Why is it important to make informal learning count towards overall training assessments? Ideally, we would be learning every day in some way. The spaces of time between formal training hours can be just as useful as the hours themselves, because this is when we reflect on what we have learned and apply the learning to our real lives. However, the potential of this time is threatened by the way that formal courses often operate. When we know that the time outside of a course isn’t going towards our official process, we actively stop ourselves from thinking about the material in our spare time.

This means that we miss out on the kinds of learning that really stick: informal discussion, putting lessons into practice and finding real-life applications of a subject that we might not have noticed before.

Informal learning in practice

Imagine you are taking a Spanish course which involves a combination of face-to-face conversation practice with your tutor, and online tasks and quizzes. The flexibility of the online elements is handy for you because you have a busy lifestyle. You must complete a certain number of conversation hours in order to complete the course.

Coincidentally, you meet a Spanish person outside the course. They happily converse with you in Spanish for half an hour, and correct a few mistakes that you make.

This was as useful to you as any of your conversation lessons. However, it won’t count towards your face-to-face quota because it came about outside your course.

Such instances of ‘informal learning’ are increasingly recognised as important features of any education process. The space in between official teaching blocks when we reflect and apply what we have learned in our everyday lives is crucial to processing the information. With technology such as xAPI, it is possible to digitally log these events and their contribution to your learning process.

xAPI makes informal learning relevant

Experience API or xAPI is a set of technical standards that allows content distribution across different systems. It has largely replaced SCORM, an older set of standards with a more limited set of benefits.

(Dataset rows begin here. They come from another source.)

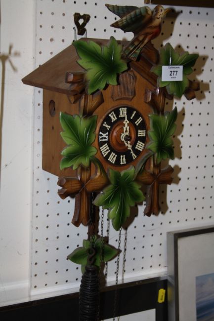 A CARVED WOODEN CUCKOO CLOCK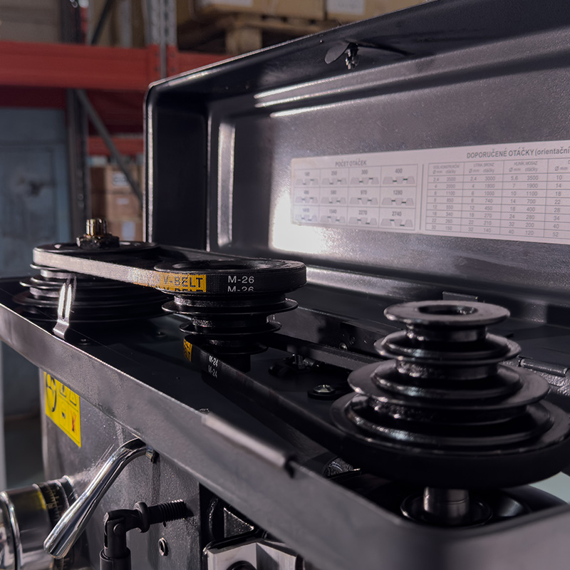 Станок обладает рядом особенностей. 12 скоростной ременный привод с промежуточным шкивом для снижения шума при работе. Мощный асинхронный двигатель выдерживающий высокие нагрузки. Реверс для нарезания резьбы или работы инструментом с левым направлением режущих кромок.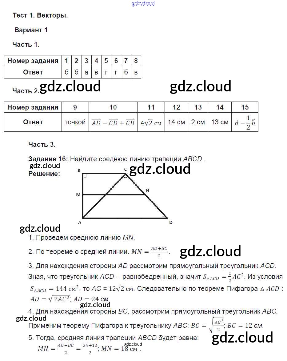 Ответ на задание 1 Тесты Геометрия за 9 (девятый) класс Фарков УМК 2016 ФГОС онлайн и без номера телефона.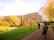 Most of the faculties are located on the Etterbeek campus (which is actually located on the territory of the neighbouring borough of Elsene). It is the livelier of the two campuses and consists almost entirely of concrete structures, most built in the 1970s. Some are decaying rapidly but at least one, the Rectoraat designed by Renaat Braem, is heritage-listed.[31] Activities take place in numerous auditoriums and labs. In addition, there is a modern sports centre, a football pitch encircled by a running track, and a swimming pool. For eating out, there is a restaurant with subsidies for students and staff, and the bars/cafes 't Complex, Opinio, and KultuurKaffee. The KultuurKaffee was a full-fledged concert venue during the evening/night, offering the university a cultural scene and organising free concerts and events. It was demolished to make space for the new XY construction project in 2015.[32]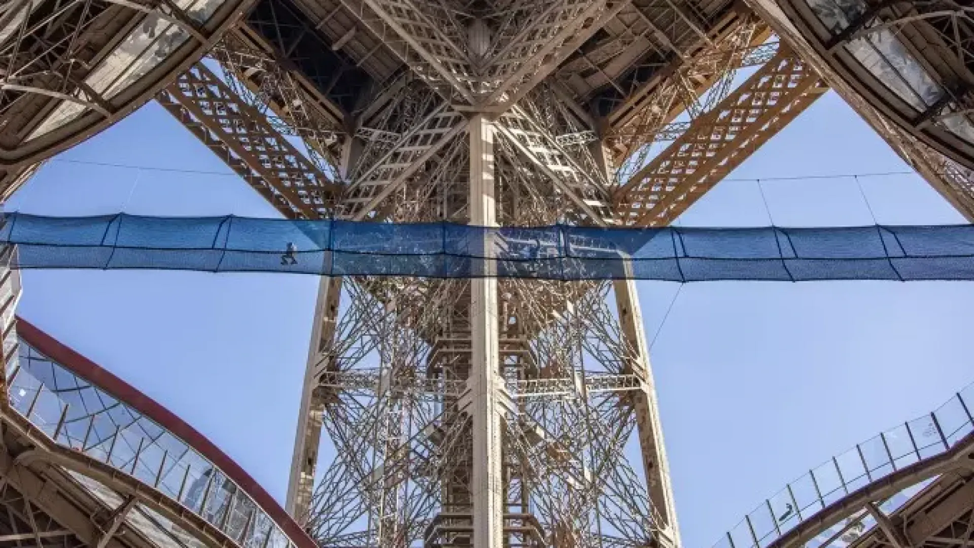 Suspendido entre los pilares este y oeste del monumento, el puente Vértige de la Tour ofrece un cruce aéreo de unos cuarenta metros hasta casi 60 metros sobre el suelo. Esta pasarela peatonal de red, diseñada por la empresa especializada Arboricorde, es el puente colgante más alto de Francia en un entorno urbano. Sujeta firmemente por un conjunto de cables y protegida por varias capas de redes que suman más de 25.000 mallas, la estructura te permite literalmente caminar sobre el vacío mientras disfrutas de una vista espectacular de la Dama de Hierro y París.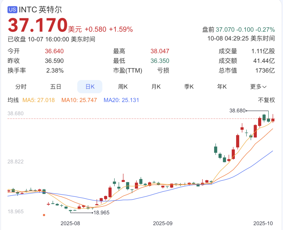 数据显示,英特尔股价在过去一个月上涨了超50%,今年迄今累计上涨了超83%。

One major reason for this lies in xAPI’s ability to record data from all sorts of learning experiences. The ‘Experience’ part of its title comes from this capability.

When an LMS works with xAPI, a learner can enter their informal learning experience straight into their course. The xAPI standard then communicates this across to the main system. xAPI can record and process three-part action statements, like ‘I conversed in Spanish.’ Or, for a plant identification course, ‘Jeff identified a sycamore.’

xAPI can even record this information offline. When Jeff is on a countryside walk without signal, he can still input this contribution to his plant identification course.